Overview
- Status: Operational
- Owner: Michigan Central Railroad (formerly) CSX Transportation
- Locale: Indiana
- Termini: QFP 259.3 Ivanhoe; QFP 240.9 Porter;

Service
- Type: Freight line
- System: CSX Transportation
- Route number: PB
- Operator(s): CSX Transportation

History
- Opened: 1852

Technical
- Track length: 18.4 mi (29.6 km)
- Number of tracks: 1-2
- Track gauge: 1,435 mm (4 ft 8+1⁄2 in) standard gauge
- Operating speed: 40 mph (64 km/h)

= Porter Subdivision =

Railway line in Indiana and Illinois

The Porter Subdivision is a railroad line owned by CSX Transportation in the Chicago, Illinois, area. Formerly a part of the main line of the Michigan Central Railroad, it now connects CSX's former Baltimore and Ohio Railroad line and the Chicago Fort Wayne and Eastern Railroad from the east with the Indiana Harbor Belt Railroad towards Blue Island, Illinois.

== History ==

The Michigan Central Railroad built a line from Detroit, Michigan, to Chicago, Illinois, opening in mid-1852, several months after the competing Northern Indiana and Chicago Railroad (later the New York Central Railroad's main line) was completed. The MC's path entered Indiana near Michigan City, crossing the NI&C at Porter. From Porter it looped to the southwest and northwest, joining the Illinois Central Railroad in the Kensington neighborhood of Chicago. Later the Michigan Central (and the Northern Indiana and Chicago's successor, the Lake Shore and Michigan Southern Railway) came under control of the New York Central.
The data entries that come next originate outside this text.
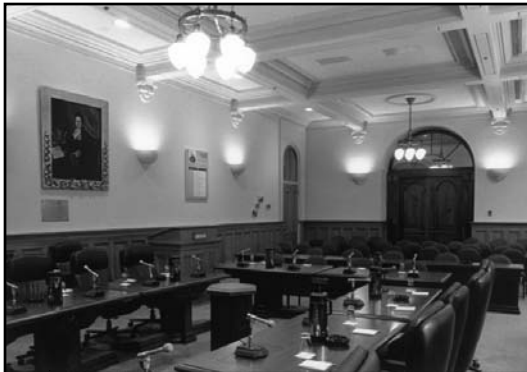
La salle Louis-Joseph-Papineau au rez-de-chaussée de l'Hôtel du Parlement (ANQ-Q, coll. Ministère des communications, 87 24 B6, photo Marc Lajoie).

L'Assemblée nationale possède un portrait de Louis-Joseph Papineau qui était autrefois accroché dans la Bibliothèque. En mai 1985, lors du réaménagement des salles de commissions, au rez-de-chaussée de l'Hôtel du Parlement, il a été installé dans la salle qui porte le nom du fameux parlementaire né en 1786 et décédé en 1871.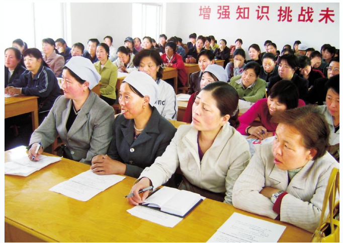
▲农民朋友在接受农业技术培训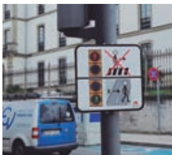
Cartel na rúa Ángel López Pérez

En total, instalaranse preto de 300 placas homologadas, que amosarán como funciona o semáforo dun paso de peóns e cando se pode cruzar ou non. As placas incorporan imaxes cedidas, de maneira altruísta, por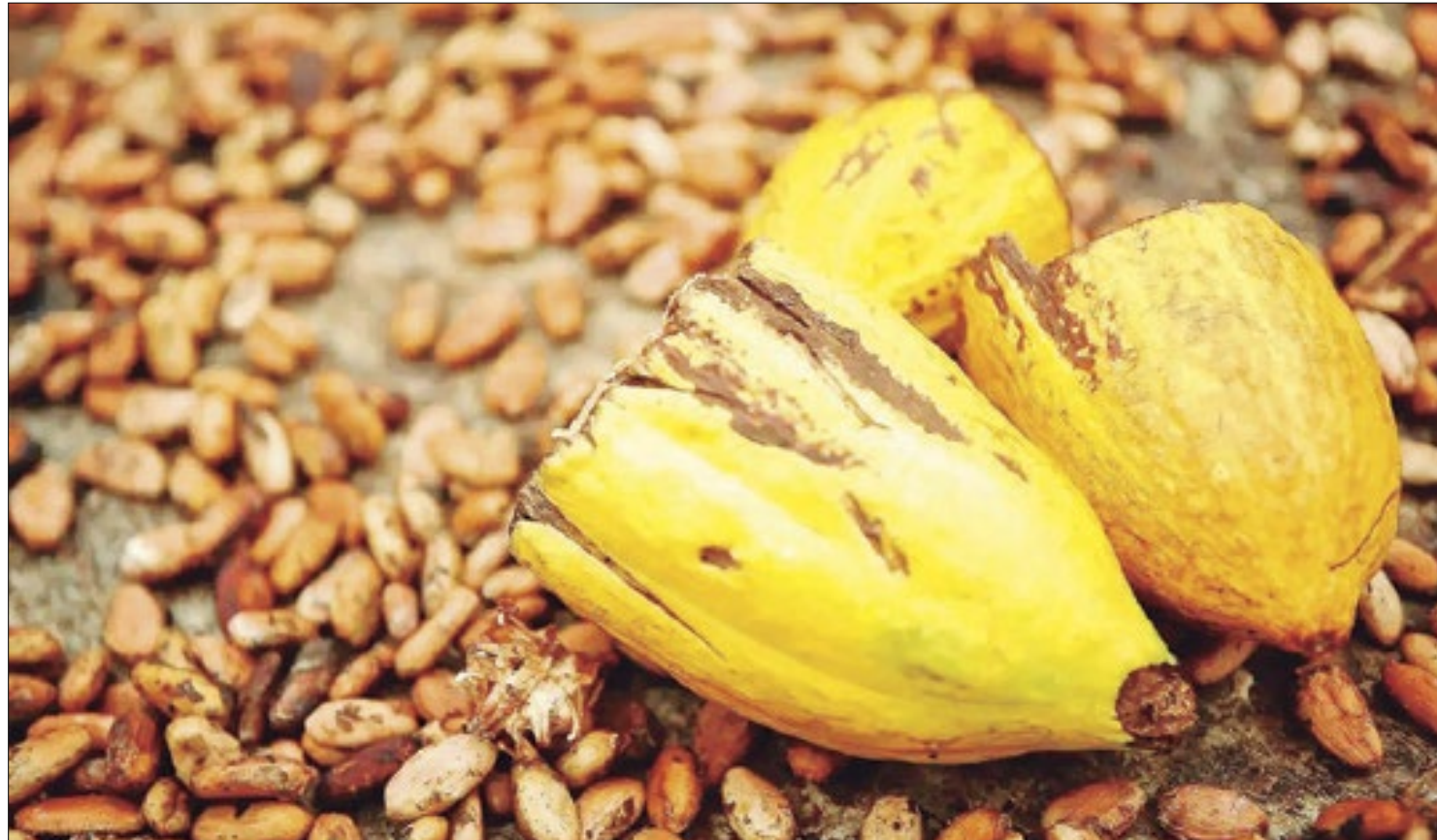
Regiões Norte e Nordeste do país são as que mais se destacam na produção da matéria prima

Diante desse histórico de excelência, o MTur não poderia deixar de dar destaque a roteiros para os viajantes que desejem unir gastronomia e história no país. Confira as dicas.

Eventually the NYC started to operate most trains west from Porter via the LS&MS, and the MC became a secondary route. All passenger trains moved on January 18, 1957, ending service to local stations in Gary and Hammond. In 1968 the NYC merged into Penn Central Transportation, and into Conrail in 1976. Around then the diamonds were removed at Porter, physically separating the line to Detroit from the line to Kensington, which came to be known as the Porter Branch. After 1980 Amtrak bought the line from Porter to Michigan City, Indiana, east of which they already owned to Kalamazoo, Michigan, about 2/5 the way to Detroit.
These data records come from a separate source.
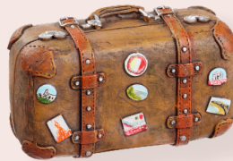
ART-NR. 3870 823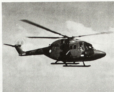
Der Helikopter Westland «Lynx»

der Visiereinrichtung. Die Flammenstöße können auf Entfernungen von 100, 120 und 140 m abgegeben werden. M. P.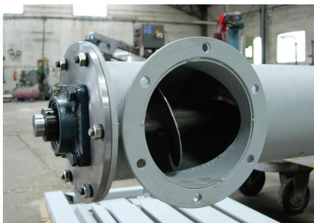
Raccordo coclea verticale supporto o a cuscinetto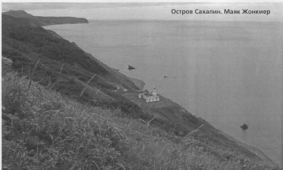
Остров Сахалин. Маяк Жонкиер

Краеведение — одна из значащих тем газеты «Советский Сахалин». Газета ведет рубрику «По Чеховским местам с томиком писателя». В поле зрения газеты — декоративно-прикладное искусство коренных народов, проблема преемственности традиций мастеров народных промыслов.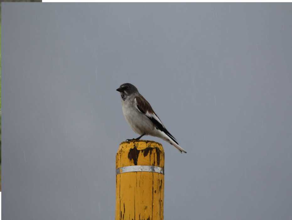
Fot. 16. Śnieżka, przełęcz św. Gotarda, Szwajcaria

With the 1998 breakup of Conrail, CSX Transportation acquired the branch, by then only running from Porter west to Gibson, located in Hammond, Indiana, a junction with the east–west Indiana Harbor Belt Railroad and the north–south Kankakee Line, transferred from Conrail to the Norfolk Southern Railway. CSX has trackage rights on the IHB to and beyond Blue Island, with various connections to other CSX lines including the Baltimore and Ohio Chicago Terminal Railroad (Blue Island Subdivision). To the east, a connection existed at Tolleston to the Fort Wayne Secondary, also acquired in the 1998 Conrail breakup (though from the Norfolk Southern Railway). At Willow Creek, as part of the breakup, a new connection was built connecting CSX's ex-Baltimore and Ohio Railroad main line (the Garrett Subdivision) to the Porter Branch. In 2004 the little-used Fort Wayne Subdivision was leased to the Chicago Fort Wayne and Eastern Railroad.

At Porter, despite the existence of a CSX line to the northeast – the ex-Pere Marquette Railway Grand Rapids Subdivision – no connection exists across the Norfolk Southern Railway's ex-New York Central Railroad Chicago Line. CSX has considered putting in diamonds, but has held off for now (they use NS west of Porter to reach their Grand Rapids Subdivision). Thus besides one local, CSX does not currently use the Porter Branch east of the junction at Willow Creek. BNSF Railway and Union Pacific Railroad used it via trackage rights to reach Norfolk Southern's Elkhart Yard in Elkhart, Indiana, however as of 2025 they no longer do.